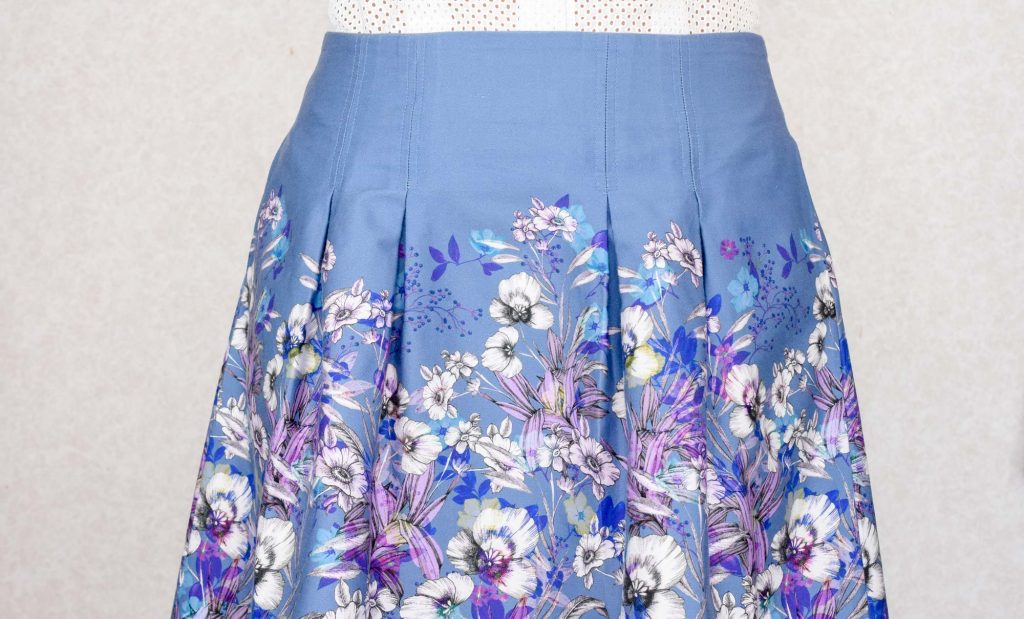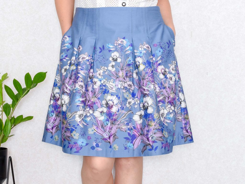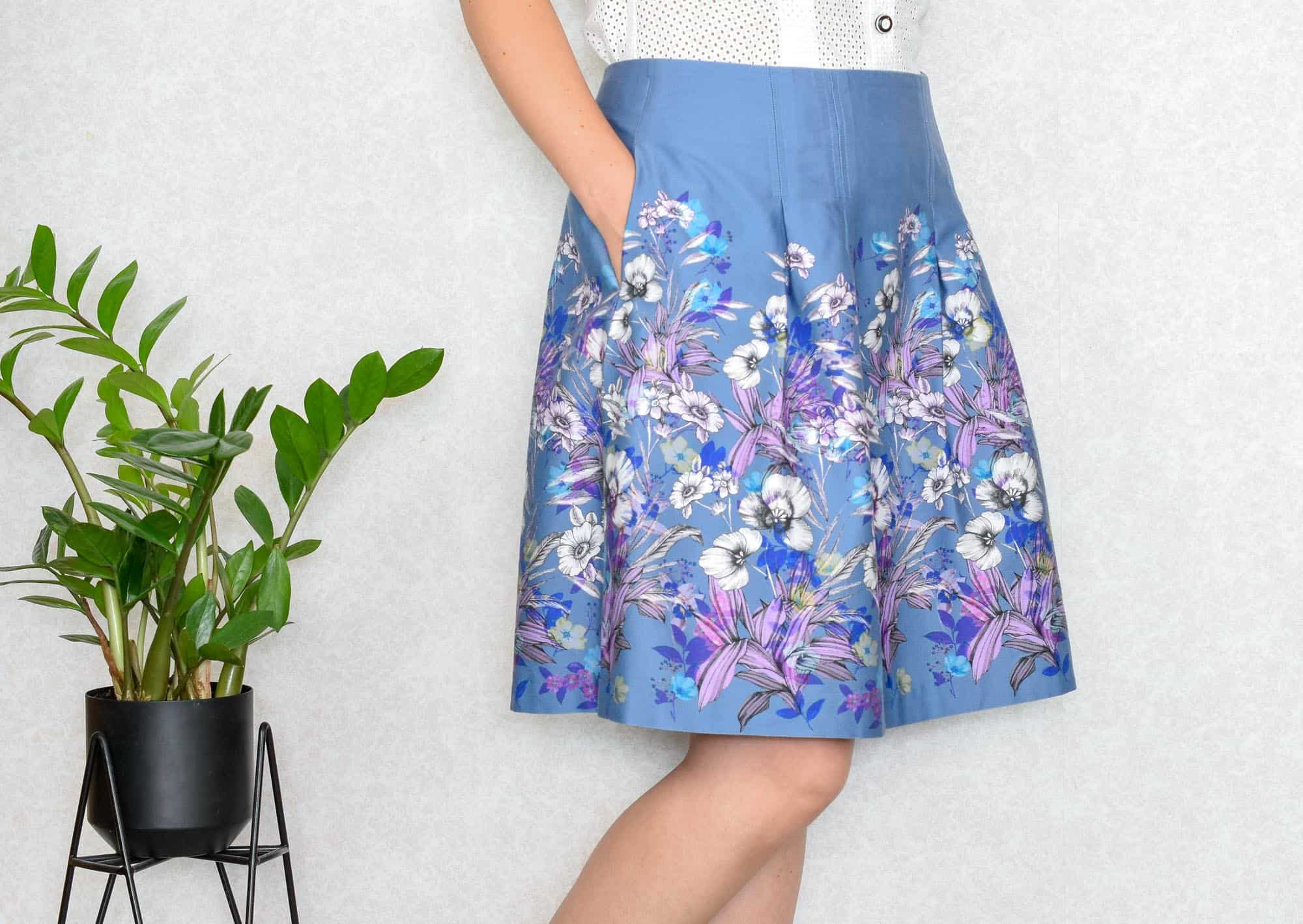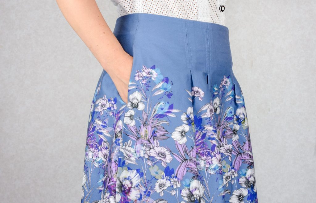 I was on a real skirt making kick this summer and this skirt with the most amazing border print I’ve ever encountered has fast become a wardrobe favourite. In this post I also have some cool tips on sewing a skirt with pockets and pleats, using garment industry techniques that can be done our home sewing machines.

★ ★ ★ ★ ★

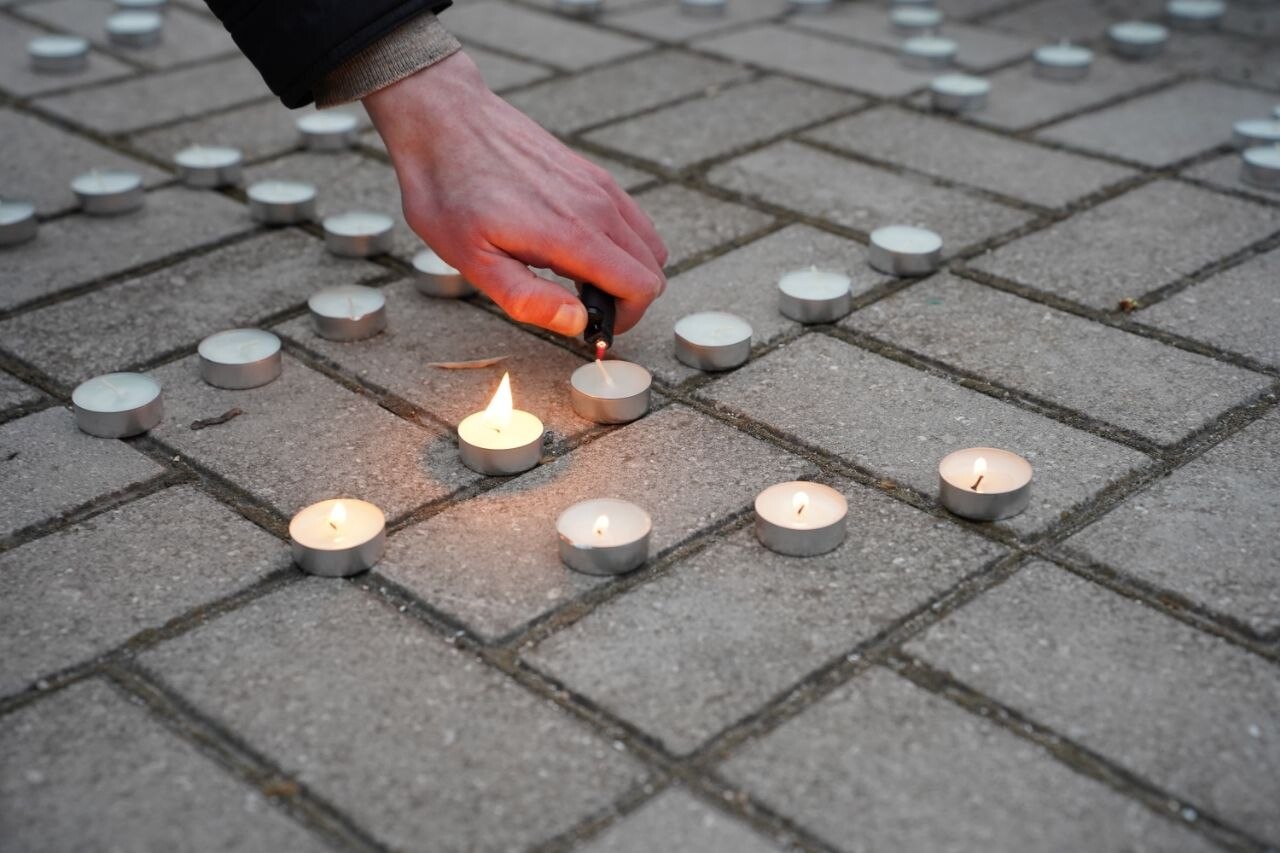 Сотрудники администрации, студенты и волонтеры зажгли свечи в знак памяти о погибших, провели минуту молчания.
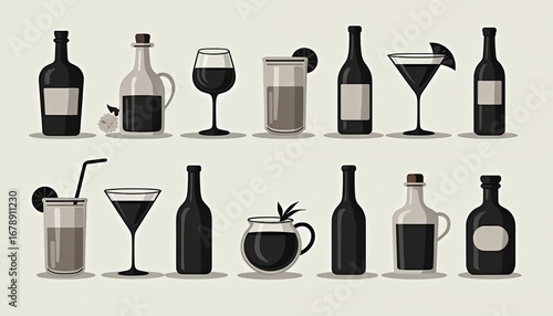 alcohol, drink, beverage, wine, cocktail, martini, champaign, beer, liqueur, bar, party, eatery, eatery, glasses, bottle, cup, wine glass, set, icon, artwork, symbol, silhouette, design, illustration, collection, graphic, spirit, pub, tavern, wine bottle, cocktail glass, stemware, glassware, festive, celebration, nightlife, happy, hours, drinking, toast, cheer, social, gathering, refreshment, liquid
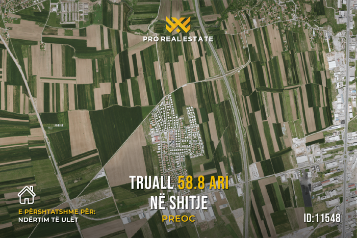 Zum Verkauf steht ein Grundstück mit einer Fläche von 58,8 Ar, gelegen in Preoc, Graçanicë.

★ ★ ★ ★ ★

Exercise requirements:
For this task, return exactly the stretch of the listing above from the line with "Сотрудники администрации, студенты" through the line with "Zum Verkauf steht", inclusive and without pictures.

Response to this exercise:
 Сотрудники администрации, студенты и волонтеры зажгли свечи в знак памяти о погибших, провели минуту молчания.
 alcohol, drink, beverage, wine, cocktail, martini, champaign, beer, liqueur, bar, party, eatery, eatery, glasses, bottle, cup, wine glass, set, icon, artwork, symbol, silhouette, design, illustration, collection, graphic, spirit, pub, tavern, wine bottle, cocktail glass, stemware, glassware, festive, celebration, nightlife, happy, hours, drinking, toast, cheer, social, gathering, refreshment, liquid
 Zum Verkauf steht ein Grundstück mit einer Fläche von 58,8 Ar, gelegen in Preoc, Graçanicë.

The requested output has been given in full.